The new man stands looking a minute, to get the setup of the day room.

One side of the room younger patients, known as Acutes because the doctors figure them still sick enough to be fixed, practice arm wrestling and card tricks where you add and subtract and count down so many and it’s a certain card. Billy Bibbit tries to learn to roll a tailor-made cigarette, and Martini walks around, discovering things under the tables and chairs. The Acutes move around a lot. They tell jokes to each other and snicker in their fists (nobody ever dares let loose and laugh, the whole staff ’d be in with notebooks and a lot of questions) and they write letters with yellow, runty, chewed pencils.

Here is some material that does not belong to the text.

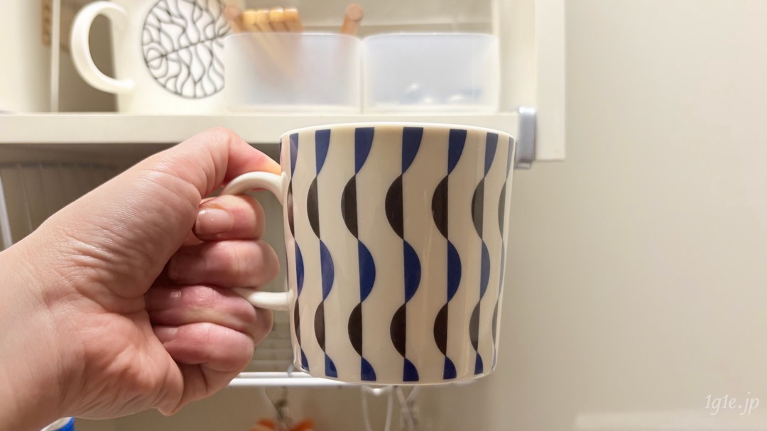 以前は水を飲むときに常用していたんですが、最近はペットボトルの水をそのまま飲んでるため、マグカップの活躍の場がお休みに。

They spy on each other. Sometimes one man says something about himself that he didn’t aim to let slip, and one of his buddies at the table where he said it yawns and gets up and sidles over to the big log book by the Nurses’ Station and writes down the piece of information he heard – of therapeutic interest to the whole ward, is what the Big Nurse says the book is for, but I know she’s just waiting to get enough evidence to have some guy reconditioned at the Main Building, overhauled in the head to straighten out the trouble.

The guy that wrote the piece of information in the log book, he gets a star by his name on the roll and gets to sleep late the next day.

Across the room from the Acutes are the culls of the Combine’s product, the Chronics. Not in the hospital, these, to get fixed, but just to keep them from walking around the streets giving the product a bad name. Chronics are in for good, the staff concedes. Chronics are divided into Walkers like me, can still get around if you keep them fed, and Wheelers and Vegetables. What the Chronics are – or most of us – are machines with flaws inside that can’t be repaired, flaws born in, or flaws beat in over so many years of the guy running head-on into solid things that by the time the hospital found him he was bleeding rust in some vacant lot.

But there are some of us Chronics that the staff made a couple of mistakes on years back, some of us who were Acutes when we came in, and got changed over. Ellis is a Chronic came in an Acute and got fouled up bad when they overloaded him in that filthy brain-murdering room that the black boys call the “Shock Shop.” Now he’s nailed against the wall in the same condition they lifted him off the table for the last time, in the same shape, arms out, palms cupped, with the same horror on his face. He’s nailed like that on the wall, like a stuffed trophy. They pull the nails when it’s time to eat or time to drive him in to bed when they want him to move so’s I can mop the puddle where he stands. At the old place he stood so long in one spot the piss ate the floor and beams away under him and he kept falling through to the ward below, giving them all kinds of census headaches down there when roll check came around.

Ruckly is another Chronic came in a few years back as an Acute, but him they overloaded in a different way: they made a mistake in one of their head installations. He was being a holy nuisance all over the place, kicking the black boys and biting the student nurses on the legs, so they took him away to be fixed. They strapped him to that table, and the last anybody saw of him for a while was just before they shut the door on him; he winked, just before the door closed, and told the black boys as they backed away from him, “You’ll pay for this, you damn tarbabies.”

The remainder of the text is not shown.